Howard and Bingham's right hand man in house said the same thing.
According to Bingham, "the rebel States would make no denial of right to emancipated citizens no [fourteenth] amendment would be needed. But they will make denial."
--Cong. Globe, 39th, 1st Sess., 430 (1866)
Bingham had said," in the event of the adoption of this amendment, if they [States officials] conspire together to enact laws refusing equal protection to life, liberty, or property, the Congress is thereby vested with power to hold them to answer before the bar of the national courts for the violation of their oaths and of the rights of their fellow-men."
--Cong. Globe, 39th, 1st Sess., 1090 (1866)
Lash is taking everything out of context.
Also, art 4, sec 2 was ratified before the b of r. Applying them to the states could not be the intent.
http://www.federalistblog.us/mt/articles/14th_dummy_guide.htm#pi
Bingham had said," in the event of the adoption of this amendment, if they [States officials] conspire together to enact laws refusing equal protection to life, liberty, or property, the Congress is thereby vested with power to hold them to answer before the bar of the national courts for the violation of their oaths and of the rights of their fellow-men."
--Cong. Globe, 39th, 1st Sess., 1090 (1866)
Which requires legislation by Congress. Interesting.
OFT: Bingham said the P or Is are the first 8 Amendments to the US Constitution. You can't make him "unsay" that.

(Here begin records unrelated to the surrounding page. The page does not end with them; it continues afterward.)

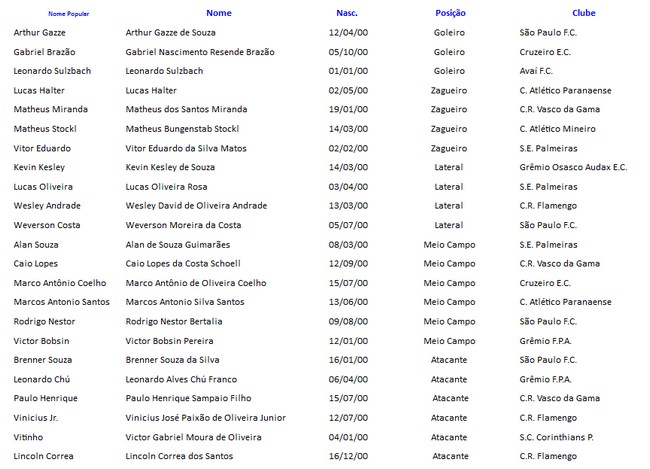 Foram relacionados 23 jogadores. Eles se apresentam no dia 30 deste mês e seguem direto para a Índia. O Brasil pega a China no dia 5 de outubro, folga na rodada seguinte, enfrenta a Rússia no dia 9, a África do Sul no dia 11 e os donos da casa no dia 13.
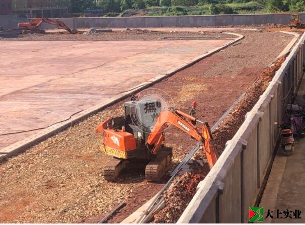 ,目前跑道輪廓清晰可見,已經鋪上了石子正在做路面硬化,有挖掘機正在路面上作業配合周邊管道填埋。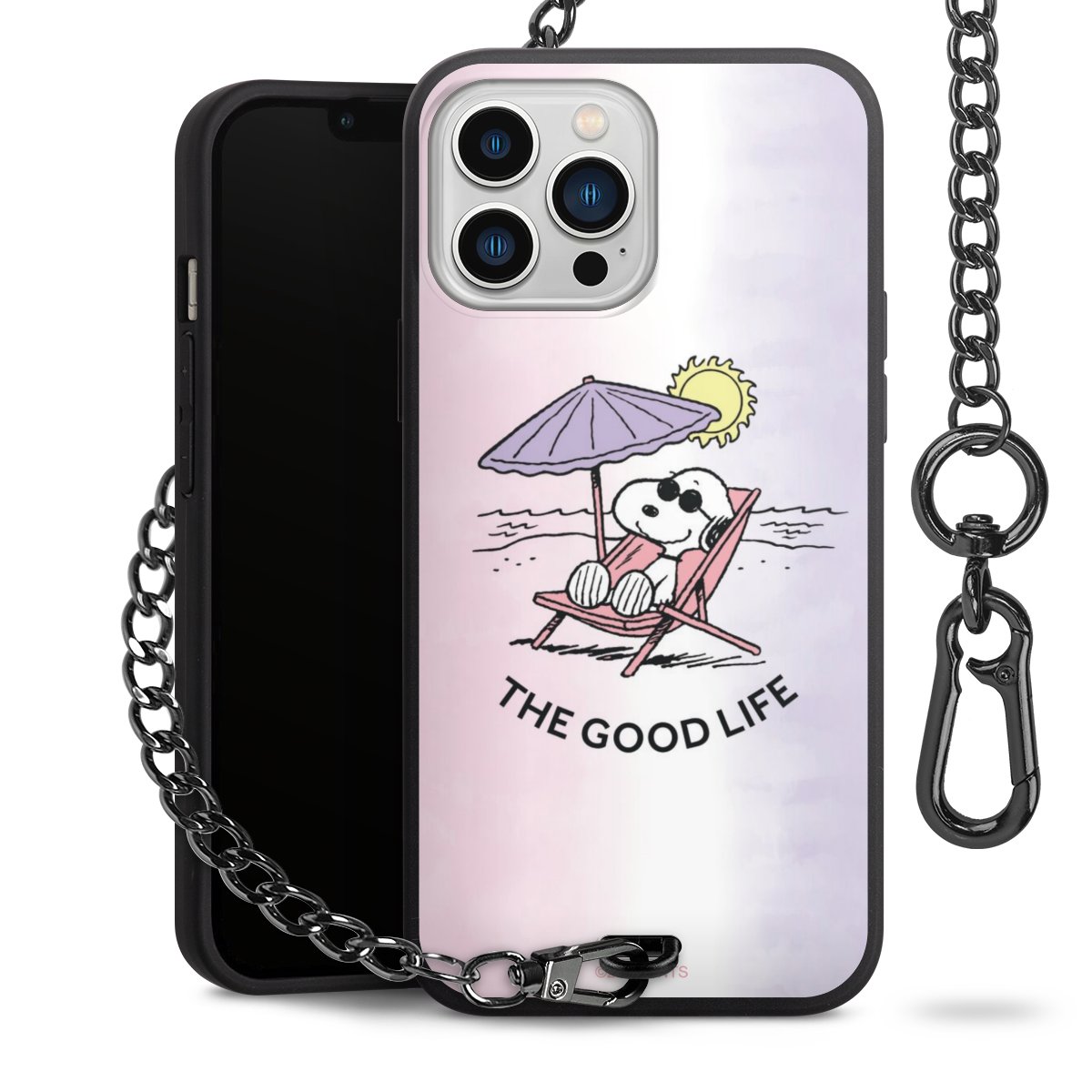 Die Handyhülle verfügt über eine mittig am unteren Rand platzierte Öse, an der die Metallkette stabil befestigt ist. Bestelle die Hülle einfach für Dein Smartphone-Modell, dann passt sie wie angegossen und Du brauchst sie bloß einmal anzudrücken. Handy in die Tasche, Karabiner an den Hosenbund – schon kann die Party starten.

Rather, you could argue that all this went over the ratifiers' heads and that the ambiguous term "Privileges or Immunities" isn't explicit enough to drive any points home.
It infamously has been termed an "ink blot."

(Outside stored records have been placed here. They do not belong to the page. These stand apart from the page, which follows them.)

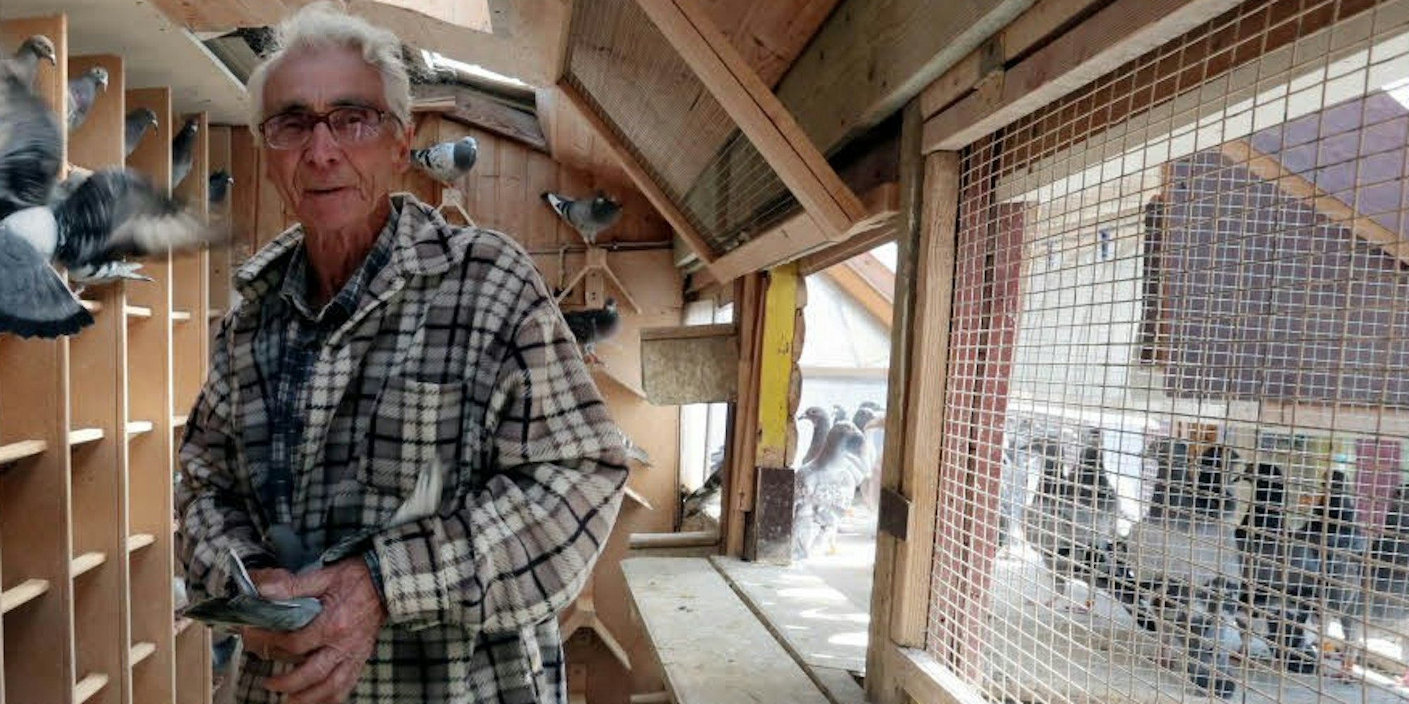 Züchter Gerhard Michels in seinem Taubenschlag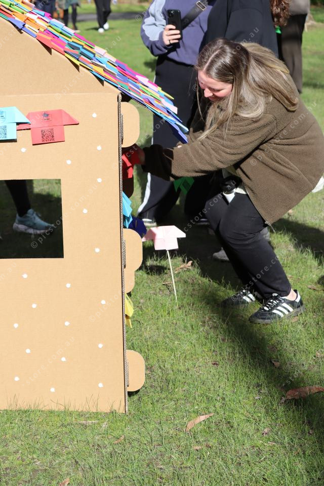 Homeward Bound Walk participants placing their origami house on the display to represent the need for 60,000 social and community homes. (494773)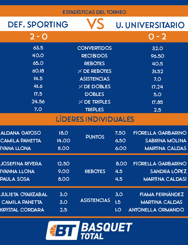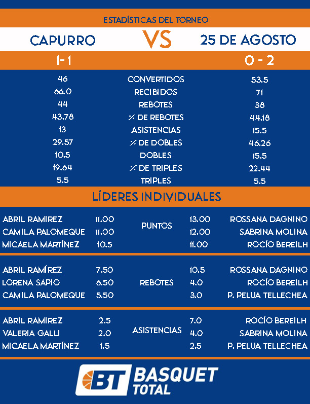 Capurro ha encontrado en la argentina Abril Ramírez una carta más que confiable y en esta segunda participación se ha encargado de comandar a un equipo que cada vez juega mejor. Camila Palomeque en la pintura ha dejado su huella en los encuentros previos y va agigantando su figura debajo del aro.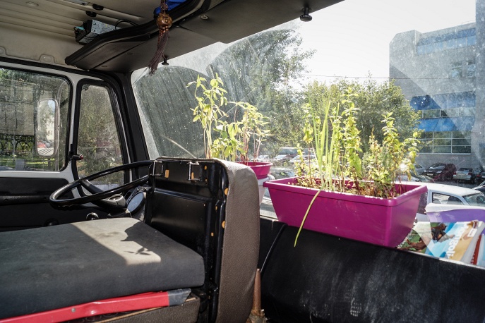 Транспортом им служит переоборудованный 34-летний германский армейский тягач. Жилая часть трейлера была сделана путешественниками по спецзаказу в Марокко и представляет собой полностью приспособленный для автономного проживания бокс с плитой, холодильником, душем и туалетом.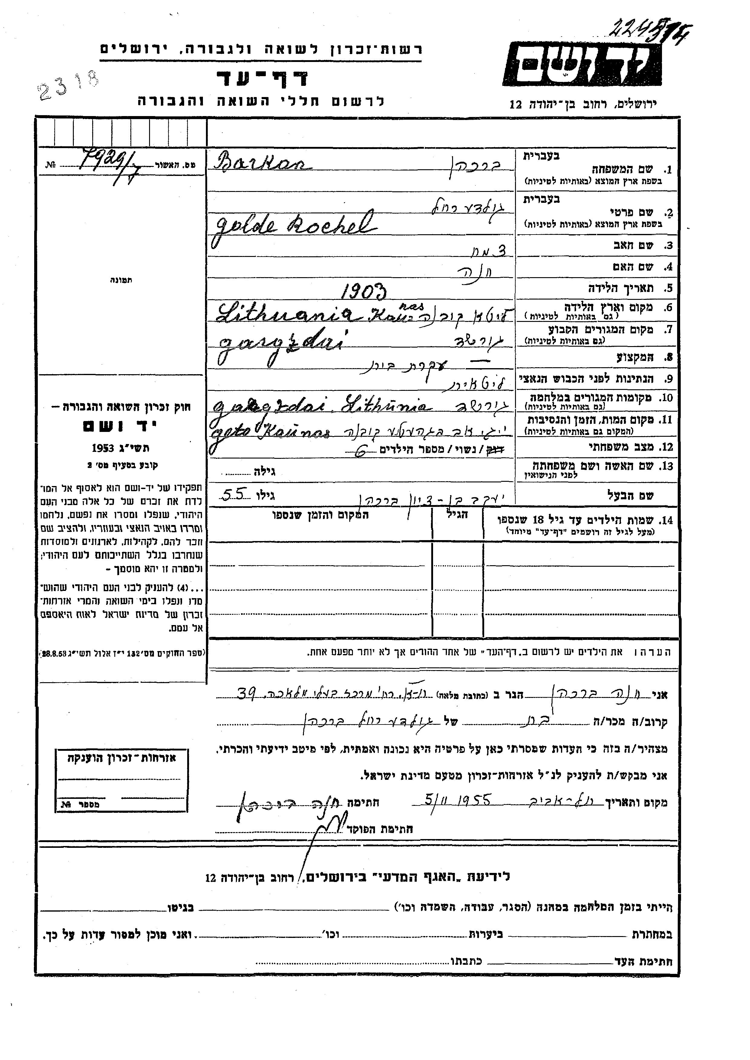 Barkan Golda Rochel 1903 Gargždai, Lituanie Feuille de témoignage

Or what did Scalia call that P or I stuff? Law school law?
Nothing changed, so it doesn't matter. Post the quote in context and you'll see lash is taking it out of context. Nothing got applied to the states except forcing rebel states to grant everything listed in the constitution. In the link, Bingham goes over what exactly are privilegees
OFT: I don't think that you understand that originally the bill of rights applied only against the federal government. Bignham is saying they now apply against the states. Or perhaps he's saying the federal government is now empowered to apply them against the states.
I do love the ideals of liberty and equality that underlie the 14th Amendment; but I will not defend its wording or the record surrounding it. It's actually quite a mess.

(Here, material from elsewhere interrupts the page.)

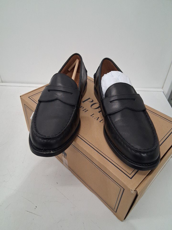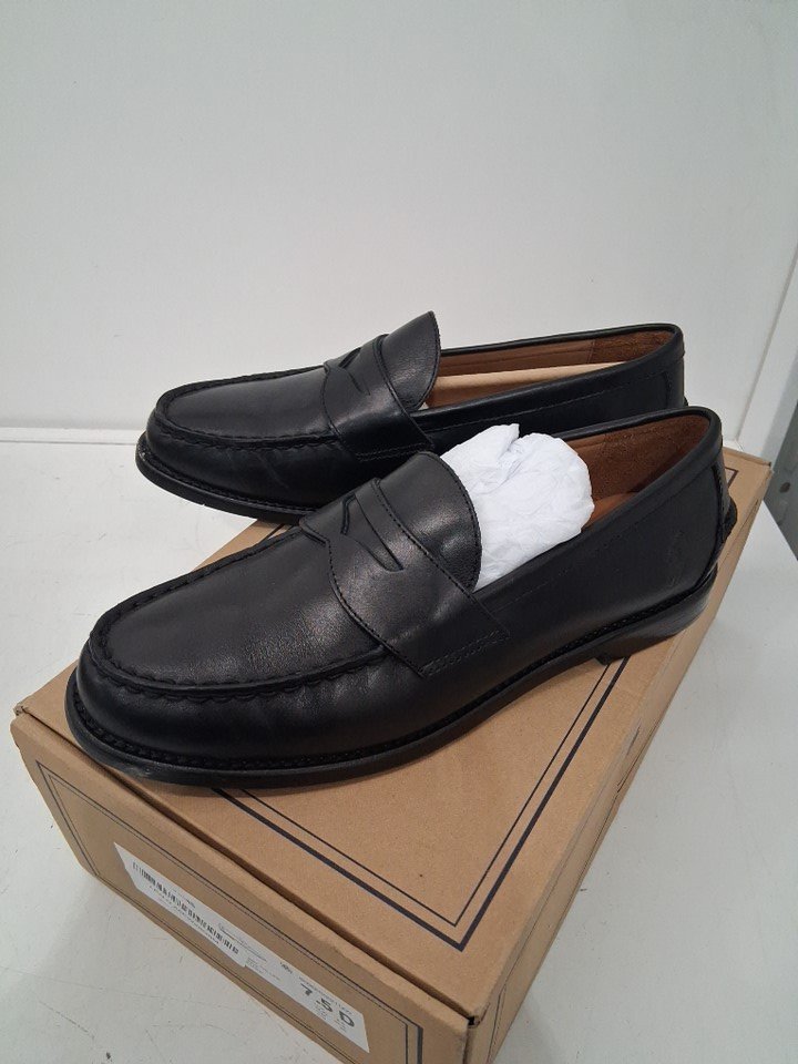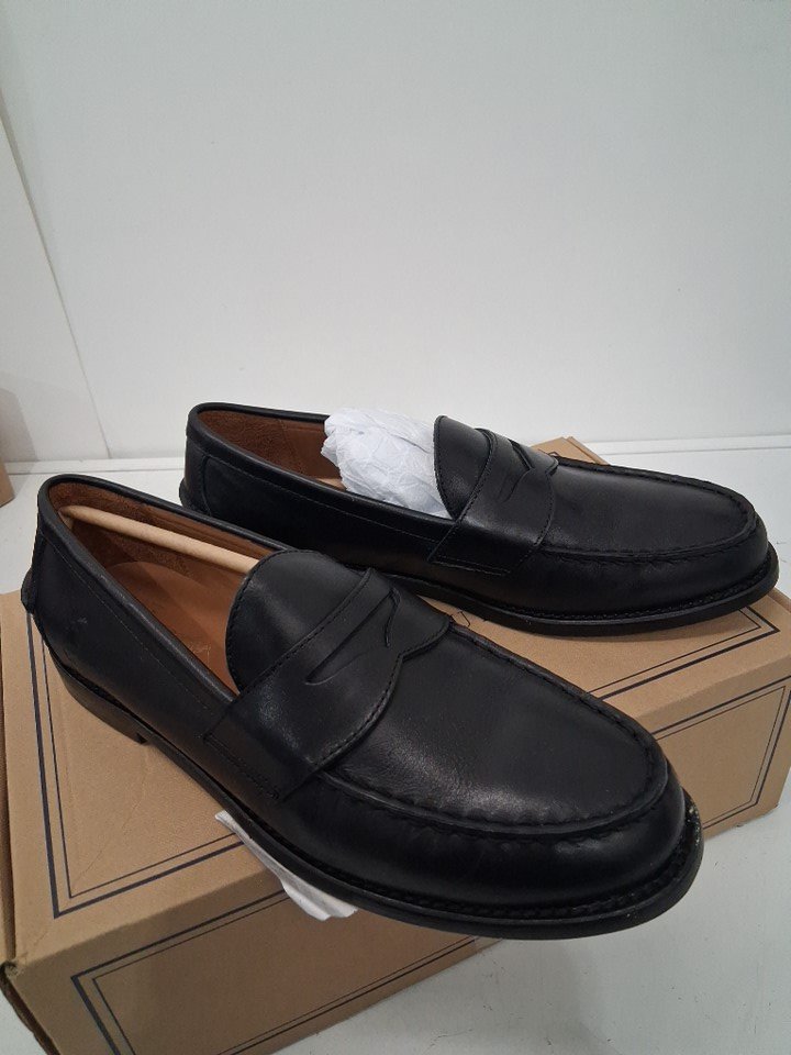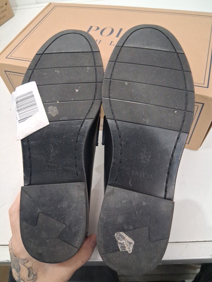 Right loafer has white stain on toe, and soles have visible dirt discoloration

Bignham is saying they now apply against the states."
You obviously didnt read the link or what i posted. That's bad scholarship Jon.
"The words “citizens of the United States,” and “citizens of the States,” as employed in the fourteenth amendment, did not change or modify the relations of citizens of the State and nation as they existed under the original Constitution."
-House Report No. 22 Summarizing 14th & 15th Amendments, Report of the Committee on the Judiciary of the House of Representatives
http://www.federalistblog.us/h-r-report-no-22-bingham/
Schelliberger, Bingham's right hand man in House said the same thing. So did Jacob Howard and Thaddeus Stevens; it's in the link. There was no change as Bingham says above, and to prove you and Lash are wrong, Bingham quotes Barron v Baltimore to support no change in the constitution's relation to the states.
If you won't buy it, that's your business.
It occurs to me that although free exercise of religion is an individual right, the Establishment Clause was merely a protection of the states against encroachment by the national government.
It was constitutional for a state to have an official state church; for the federal government to establish one for the whole country would be an encroachment on the rights of the states.
But the Establishment Clause was never intended as a guarantee of a personal right of "freedom from religion." To hijack the 14th Amendment to make it one is beyond the power of an amendment lacking specific language or intent to modify or replace the sense of a previous one as originally ratified.
No OFT. You don't get to post a link to an article and claim "context." "Context" is a short cut for "the words mean what I want them to mean."
The original piece has smoking gun quotations from Bingham that can't be explained away.